Ups and Downs on Vacation
04/07/2006 12:00 am EST
"With spring begun, I've searched for bullish and bearish ideas among companies that specialize in entertainment, distraction, and that glorious idea of vacation," notes Jocelynn Drake. Here, she looks at a potential winner among casinos and a loser among cruise lines.
"When it comes to locating a bullish bet, I didn't have to dig too deep to find Wynn Resorts (WYNN NASDAQ), which opened Wynn Las Vegas in 2005— a $2.4 billion resort and casino, on the site of the former Desert Inn on the Las Vegas Strip. The resort boasts a 2,700-room hotel, a casino with 2,000 slots and 135 table games, 18 restaurants, an 18-hole golf course, an art gallery, two wedding chapels, and a Ferrari and Maserati dealership. Furthermore, WYNN is developing an adjacent casino, Encore (opening in 2008), and a casino in Macau.
"Technically speaking, the shares have staged a solid rally since bouncing off support in the 42 area. The equity has tacked on more than 80% as it has climbed on the support of its ascending ten-week moving average. What's more, this uptrend has carried the equity through former resistance at the 76 level.

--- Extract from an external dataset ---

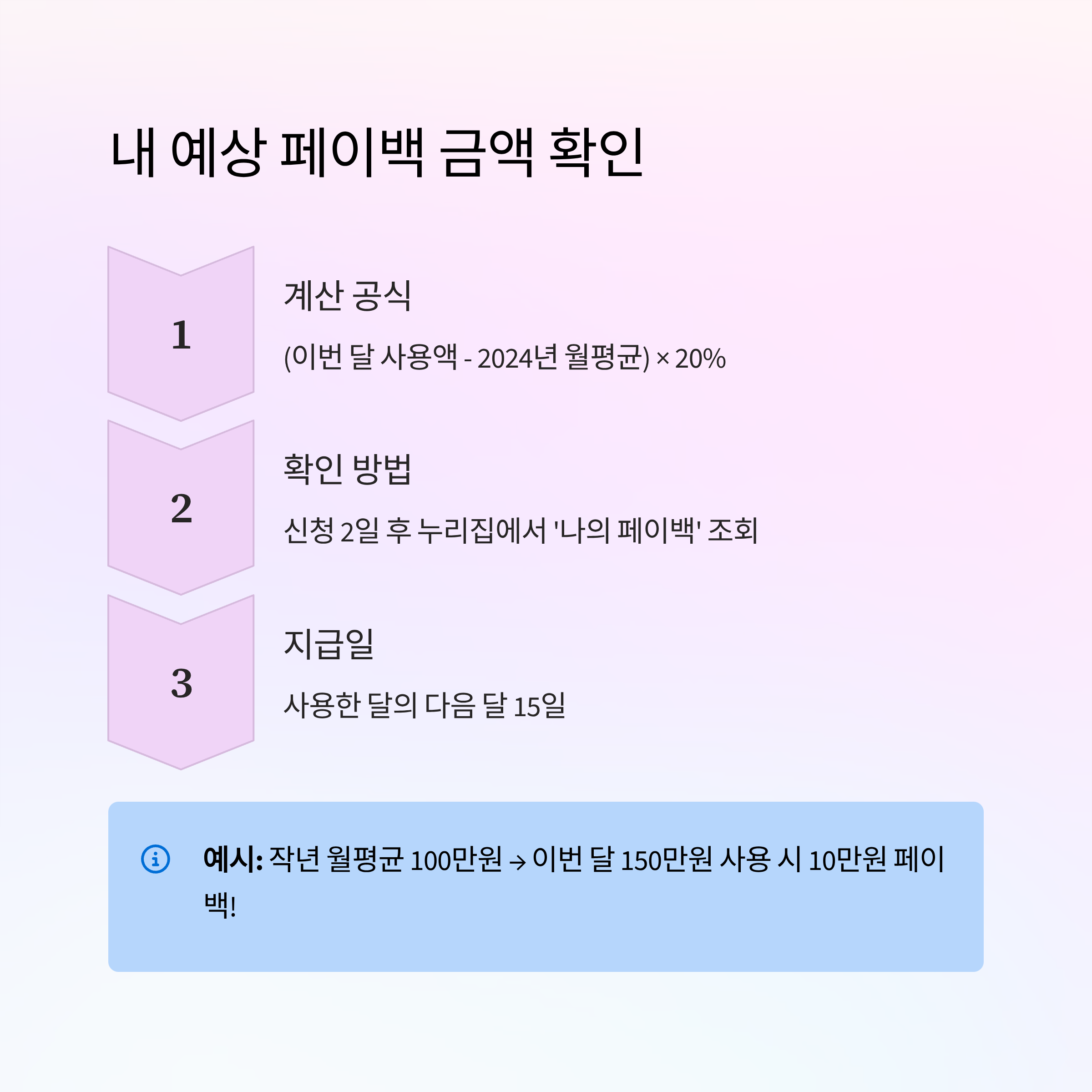 계산 공식 : (이번 달 카드 사용액 - 2024년 월평균 사용액) X 20% = 월 페이백 금액 (최대 10만원)

"Meanwhile, traders are determined to call a top to the stock's ascent. Options players have piled into the equity's puts, pushing its Schaeffer's put/call open interest ratio (SOIR) up to 1.54. This reading is higher than 94% of all those taken during the past 52 weeks. In other words, speculators have been more bearishly aligned toward the security only 6% of the time.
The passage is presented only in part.